[Task details] From the entries below, write out exactly the lines between the line holding "Langalliset ja langattomat" and the line holding "Der in den Maschinenkörper", inclusive, excluding any pictures.

[Available records]

________

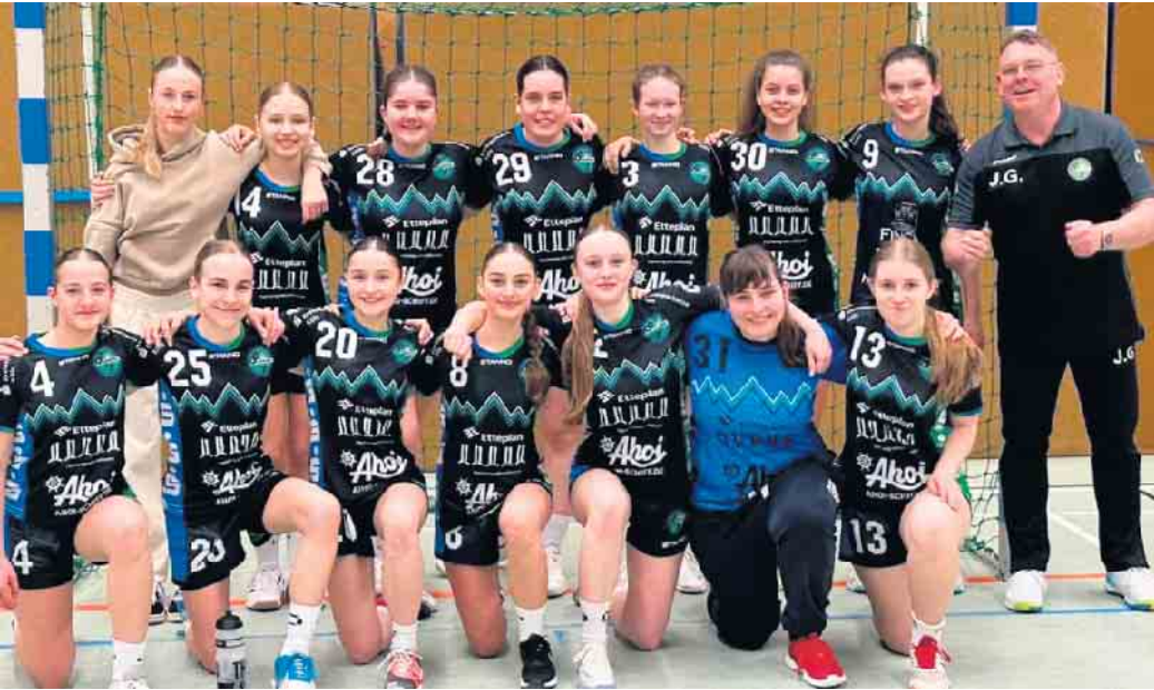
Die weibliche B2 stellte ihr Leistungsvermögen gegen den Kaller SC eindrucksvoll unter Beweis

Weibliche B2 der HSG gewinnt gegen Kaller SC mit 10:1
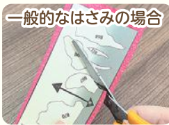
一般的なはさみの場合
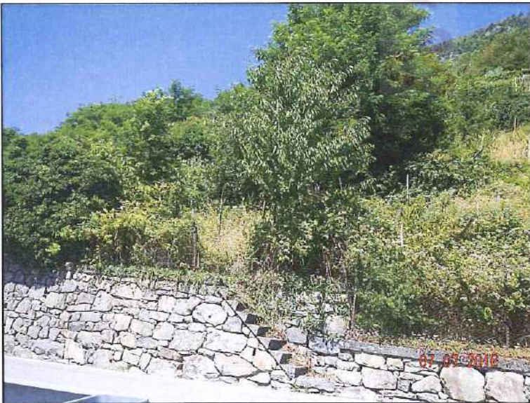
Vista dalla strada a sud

________

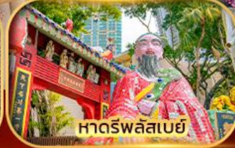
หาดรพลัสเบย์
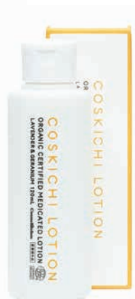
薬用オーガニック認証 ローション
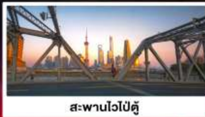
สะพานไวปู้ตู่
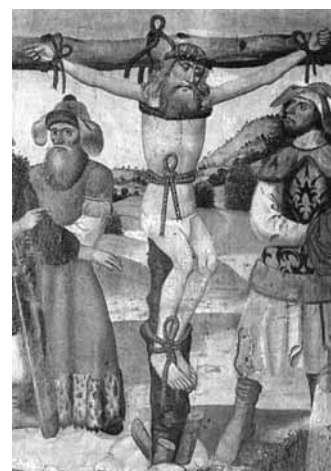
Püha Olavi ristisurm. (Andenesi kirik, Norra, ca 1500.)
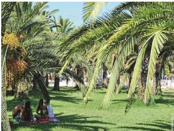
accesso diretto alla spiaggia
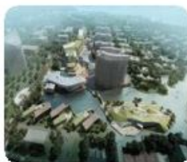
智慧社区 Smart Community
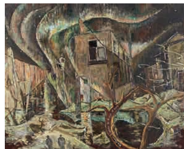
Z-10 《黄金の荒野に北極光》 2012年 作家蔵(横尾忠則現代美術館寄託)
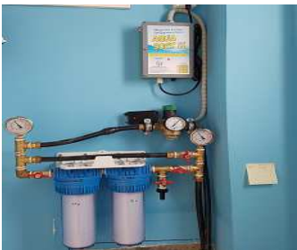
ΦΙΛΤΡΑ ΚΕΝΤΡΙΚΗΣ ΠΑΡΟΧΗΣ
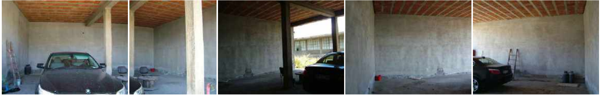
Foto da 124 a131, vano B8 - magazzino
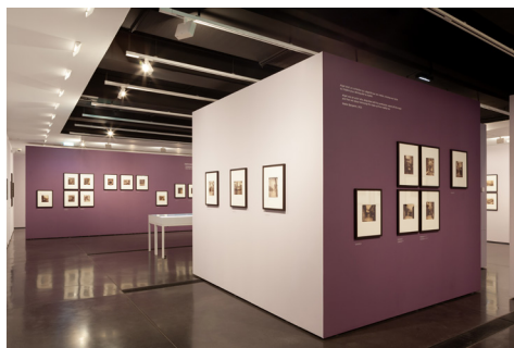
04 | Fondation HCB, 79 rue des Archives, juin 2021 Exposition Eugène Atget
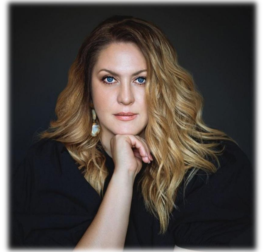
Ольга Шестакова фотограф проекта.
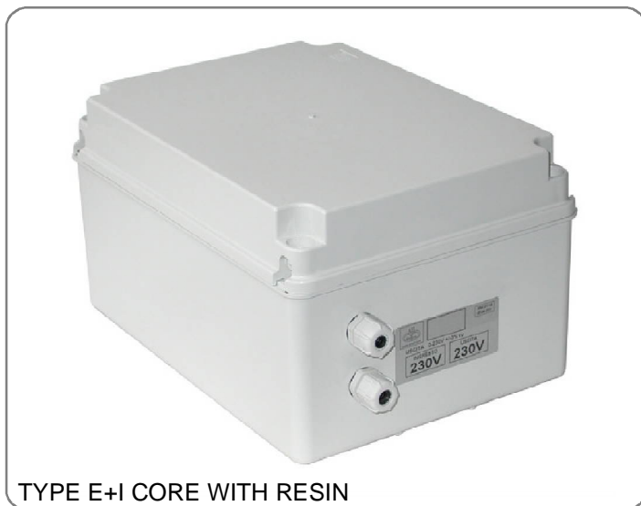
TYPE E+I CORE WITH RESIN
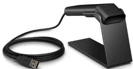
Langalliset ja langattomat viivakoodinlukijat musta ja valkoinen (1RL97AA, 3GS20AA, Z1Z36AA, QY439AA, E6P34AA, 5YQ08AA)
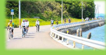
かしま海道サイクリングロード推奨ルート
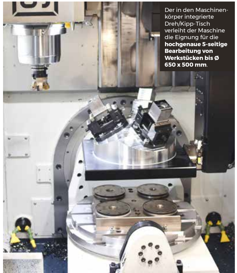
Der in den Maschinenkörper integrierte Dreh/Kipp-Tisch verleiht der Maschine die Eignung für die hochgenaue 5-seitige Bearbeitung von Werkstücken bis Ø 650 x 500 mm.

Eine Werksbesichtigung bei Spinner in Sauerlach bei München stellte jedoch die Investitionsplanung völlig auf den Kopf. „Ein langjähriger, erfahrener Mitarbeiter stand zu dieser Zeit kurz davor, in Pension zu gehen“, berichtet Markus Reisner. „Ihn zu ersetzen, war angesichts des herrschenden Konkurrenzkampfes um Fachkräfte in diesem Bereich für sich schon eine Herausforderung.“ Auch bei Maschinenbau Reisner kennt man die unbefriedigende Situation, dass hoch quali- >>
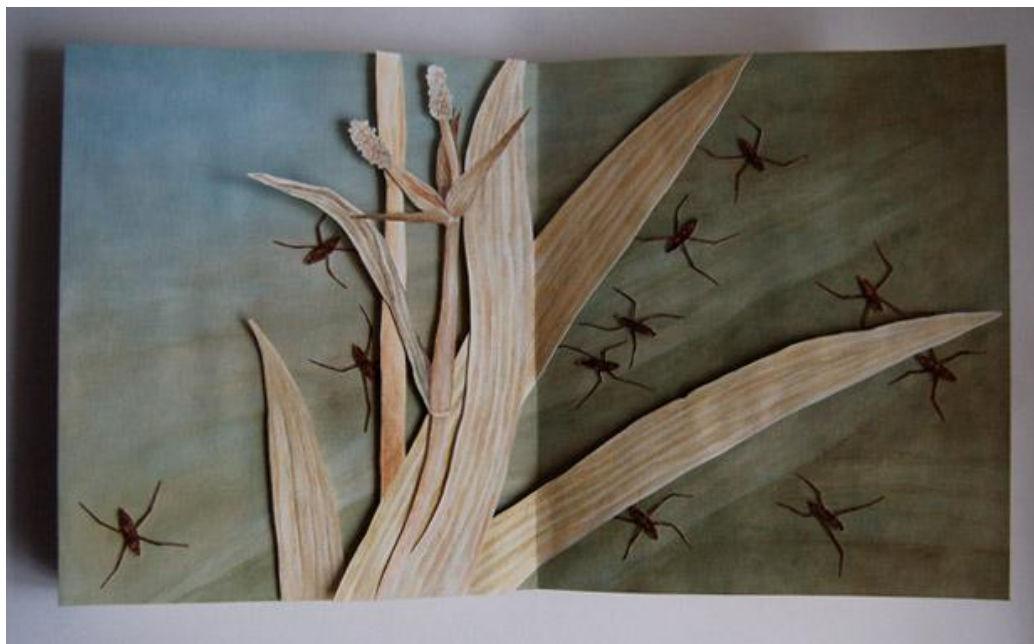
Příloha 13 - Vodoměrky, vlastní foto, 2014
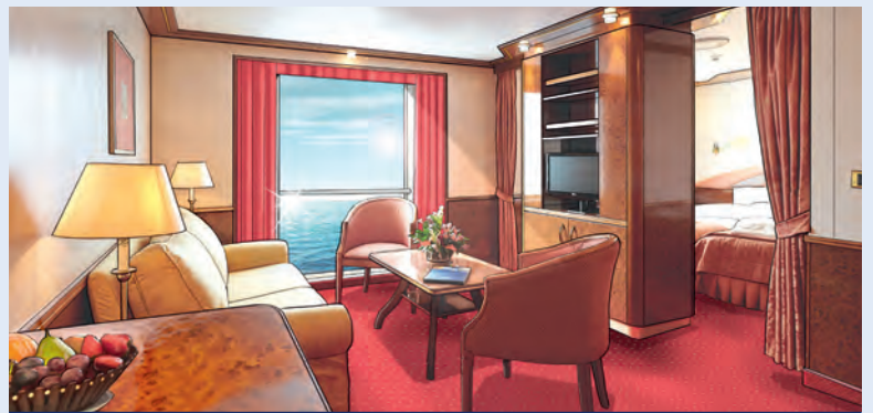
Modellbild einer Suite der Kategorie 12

________

[Exercise output]
Langalliset ja langattomat viivakoodinlukijat musta ja valkoinen (1RL97AA, 3GS20AA, Z1Z36AA, QY439AA, E6P34AA, 5YQ08AA)
かしま海道サイクリングロード推奨ルート
Der in den Maschinenkörper integrierte Dreh/Kipp-Tisch verleiht der Maschine die Eignung für die hochgenaue 5-seitige Bearbeitung von Werkstücken bis Ø 650 x 500 mm.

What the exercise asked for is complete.